Radioactive shows us Marie’s life as both rewarding and perpetually haunted. The groundbreaking work she did as a scientist discovering two new elements in the late nineteenth century (being radium and polonium) and their unknown combustibility, as well as finding the love of her life in partner and husband Pierre (Sam Riley) certainly resonate as the happier and productive times.

However, personal tragedy, reluctant skepticism from the French intellectual society and some nifty temporal film shifts into the future about how her elements would ultimately be used by advanced societies reveal a woman whose breakthroughs in science could never compensate for some of her personal losses.

As Marie Curie, actress Pike doesn’t reduce her character to anything less than strong, and its her portrayal that carries most of the film.

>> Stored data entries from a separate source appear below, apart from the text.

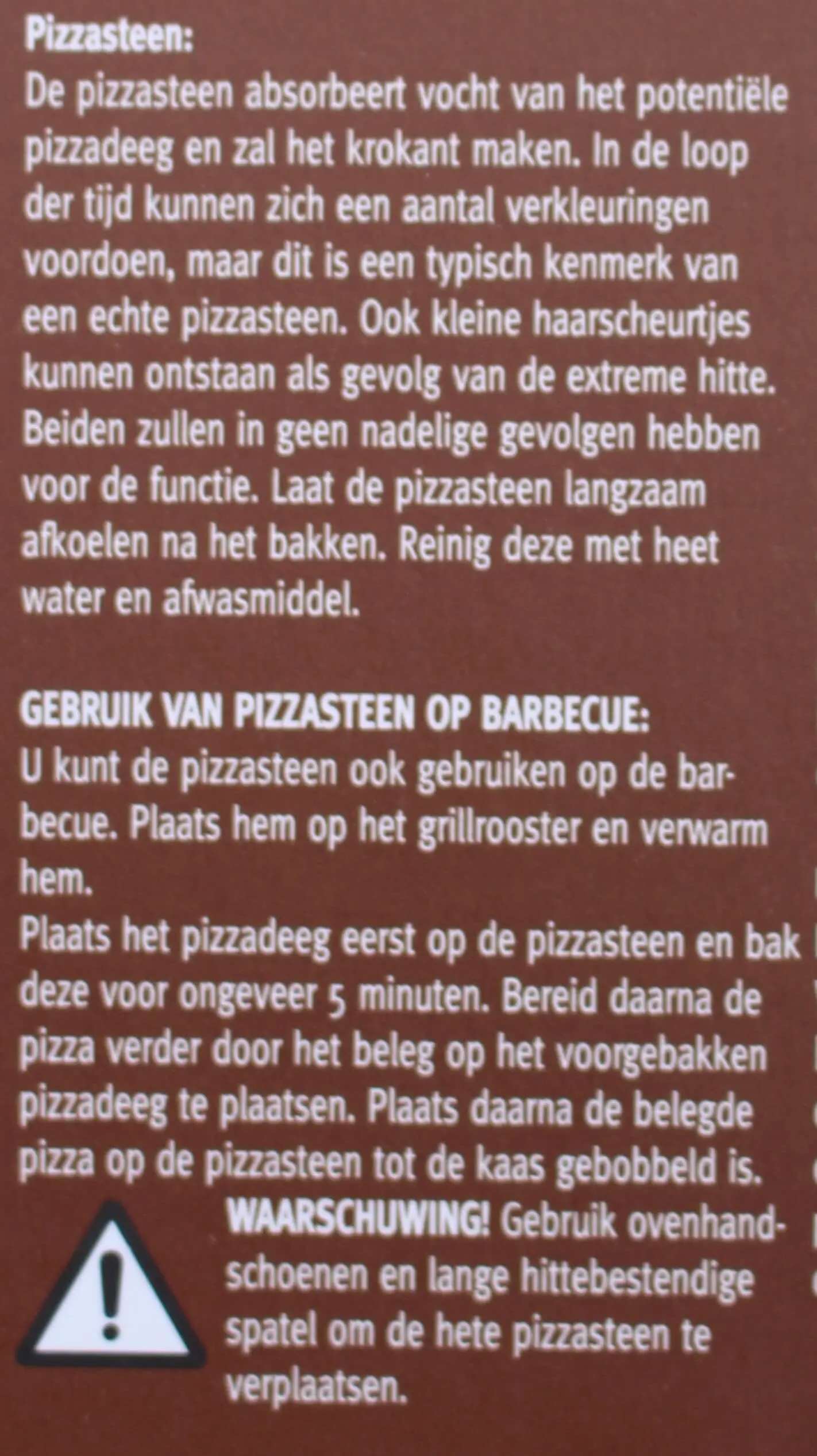 De steen warmt de pizza gelijkmatig op en onttrekt vocht uit het pizzadeeg.
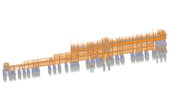 Сооружение представляет собой комбинированную технологическую эстакаду с железобетонными колоннами 1 яруса и стальной надстройкой.
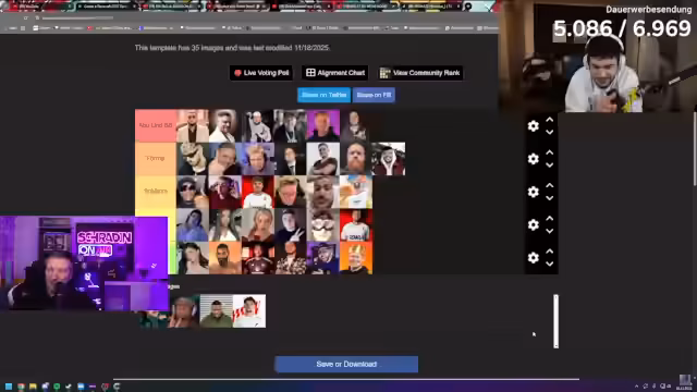 04:37:45Der Streamer reagiert auf ein Video von 'Satter Hugo', dessen schnelle Bildwechsel und unklare Storyline ihn irritieren. Anschließend beginnt er mit einer humorvollen Bewertung der FitnaCraft-Teilnehmer, indem er sie in Kategorien wie 'harmlos', 'schlimm' und 'Firma' (sehr schlimm) einteilt. Abo und Breitenberg erhalten eine eigene Kategorie als die 'Schlimmsten'. Er diskutiert mit dem Chat über die potenziellen 'Zerstörer' im Spiel, wie Fabo und Kroko, und spekuliert über das Verhalten von Neulingen wie Gigant. Die Liste ist noch nicht final, und es wird eine Abstimmung über die endgültige Einteilung angekündigt. Die Vorfreude auf das am 7. Dezember startende FitnaCraft-Event ist groß, und es wird erwartet, dass es ein explosives und unterhaltsames Ereignis wird.
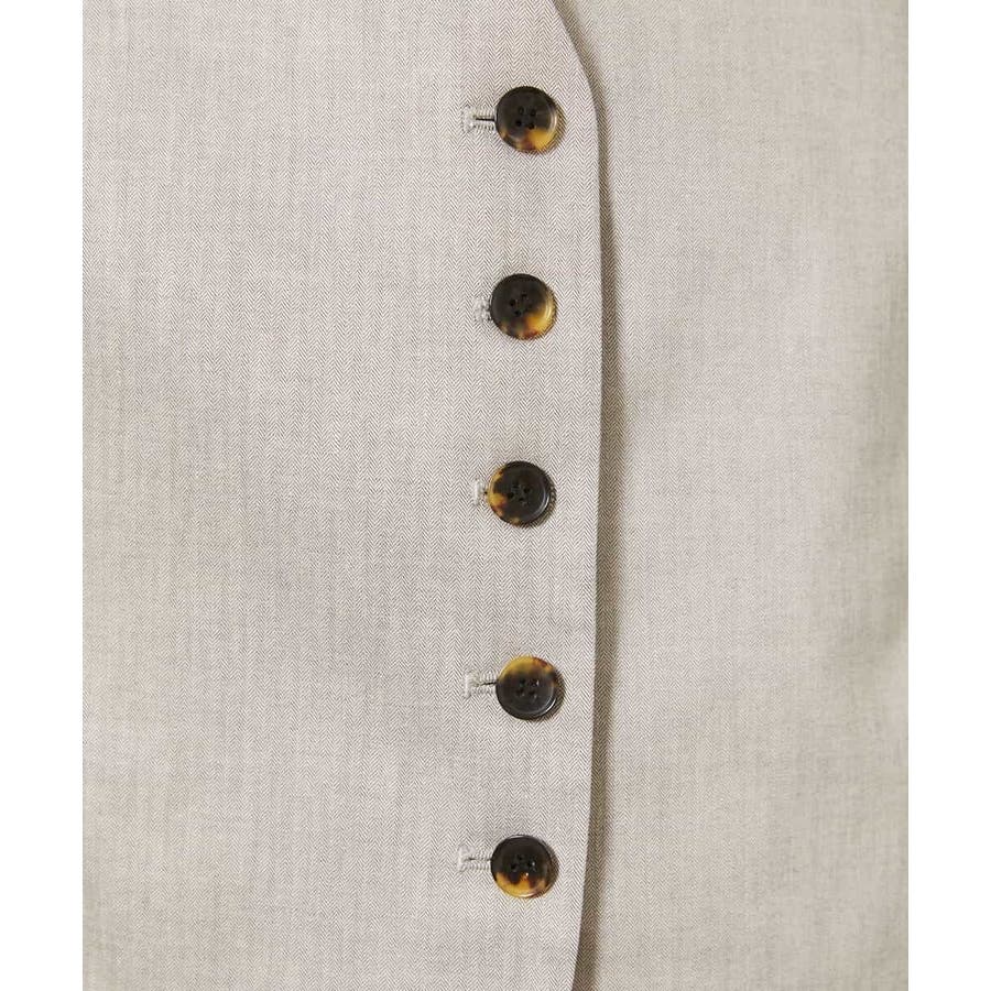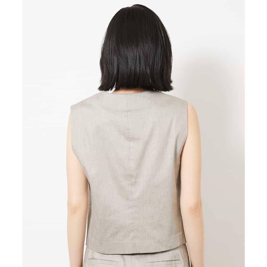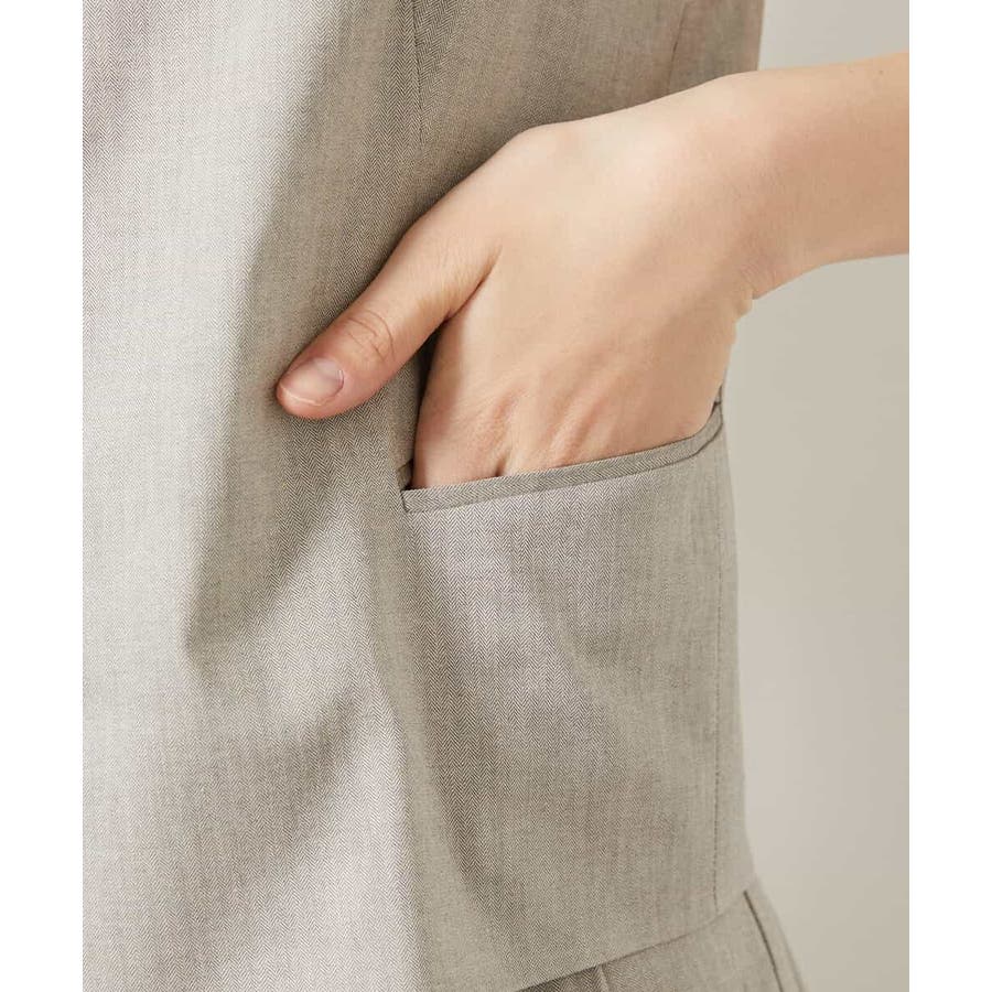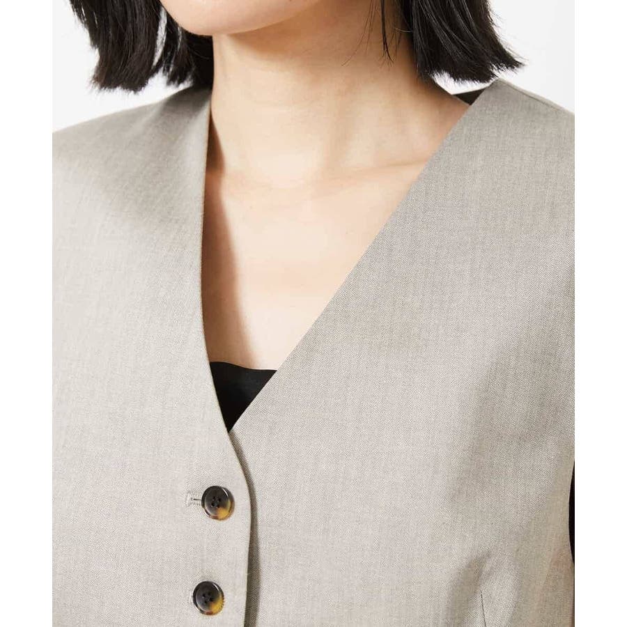 細かなへリンボーン柄が無地ライクで着られるジレベストです。ノーカラーで、首回りをすっきりさせ、暑いシーズンでもお召しいただきやすい一枚です。40サイズは限定店舗展開です。
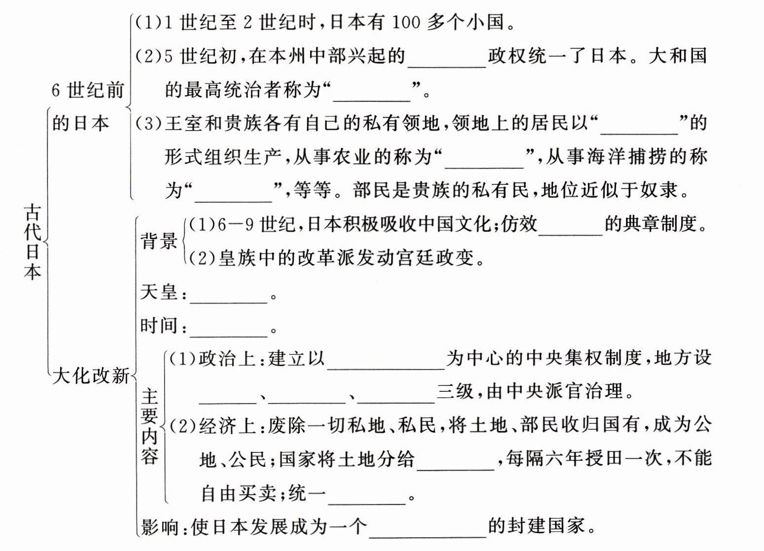 主要内容:(1)天皇;国;郡;里;(2)公民;赋税;
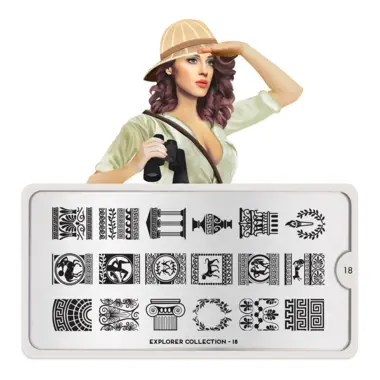 Explorer 18 šablon pločica napravljena je od visoko kvalitetnog nerđajućeg čelika sa velikim izborom ugraviranih šara i pozadinom od vinila, za jednostavnu upotrebu.

The way she barbs with fellow (male) counterparts when they don’t trust her or how she gently pleads with her adult daughter (Anya Taylor Joy) to remain safe as she serves as a nurse during World War I strips away the normal stuffy biopic regard and make her a compelling and dimensional lead.

Another way that Radioactive skirts the traditional trappings of the genre is when it dares to jump ahead in specific moments of time when radium changed the facade of humankind- from the major (think World War II) to the minor (a young child receiving experimental chemotherapy). Some have questioned this feat, but I found it to be a sobering reminder that the best intentions are often laced with horrifying consequences as time and science advances. If there is a heaven, what do all the creators think of their creations?

Based on the graphic novel “Radioactive” by Lauren Redniss (and adapted by Jack Thorne), this is the second such adaptation tackled by director Satrapi after Persepolis (2007). Here she also wisely keeps some of the novel’s more fantastic elements, such as the tangled shadows of Marie and Pierre rising into the air as they make love or the eerie mood of a seance Marie is dragged to by her friends, initially discrediting them and then falling to her knees in total sadness when she asks the medium for help later in life. Again, its a scene that’s been done before, but Pike imbues it with such guttural ferocity that her cries cut to the bone and Satrapi finds the delicate balance between history and emotion.

At the beginning of Radioactive, we glimpse that Marie’s hands are scarred and red from years of handling her precious elements, and the now understood after-effects were just being whispered about. The thing she discovered ended up killing her, but not before she got the chance to use an X-ray machine and save the lives and limbs of countless soldiers during the war. As her solemn face reveals while being transported on that gurney, there’s no remorse. Radioactive is a good depiction of someone who truly made mankind better, no matter how horribly others would twist her inventions.

Radioactive begins streaming on Amazon Prime on Friday July 24th.